I read this book after reading Children of the Sea by the same Mangaka which I absolutely loved. Having now completed Witches, I have mixed feelings about it for sure. I think the stories in the second half of the book are far stronger than the stories in the first half. If all the stories had that same quality, I would be rating it a 8/10. I would say the first half of the book ranged from 5-6/10, with the opening story not being one of the stronger ones.
The surrealism is really fun and the art is good (if you like the artist's style - it is a bit scratchy/drafty at times). Compared to Children of the Sea, many of the panels can be hard to follow and the flow of the stories are often clunky. At times it was hard to follow what exactly was happening, I had to read through and piece it together. Sometimes it feels like there are too many frames for a specific area of the story, and other times it feels like critical ones were left out. The shorter stories really suffer from this while also feeling either half-baked or lacking a real fun "point" to it all. I can certainly do slice of life stories, but the shorter stories don't quite feel like that. They seem more as though they had a point to make, but it was either too superficial presented or poorly done to have the intended impact.

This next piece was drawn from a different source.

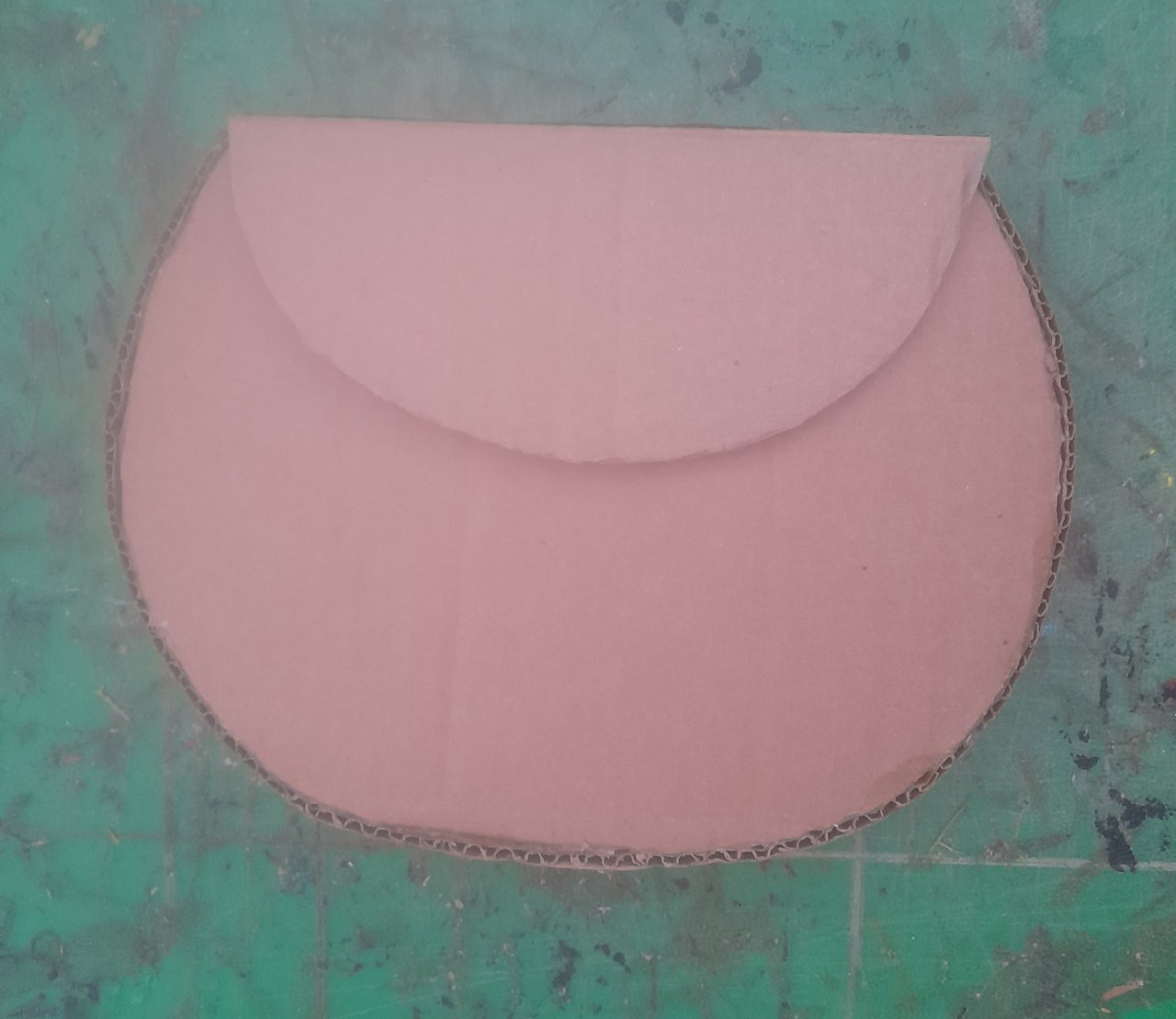 I draw the front view of the bag on a carton. The opening of the bag is straight and measures 20cm and the bottom of the bag is circular. After the drawing of the front view on a carton, I cut it out using scissors and a paper cutter.

The three longest stories in the book are the best and drag the rest across the "worth reading" line. I think if you've read other work by the Mangaka and you like their art style - this is worth looking at. However, it is indeed an anthology series with no real connection (it said they were interconnected but not really) story to story and I think generally worse than Children of the Sea in most ways.
If you read Children of the Sea and liked it, go into this with no expectations of similar quality. If you didn't quite like this book, do not let it put you off from Children of the Sea (unless you hated the art style - which is largely similar).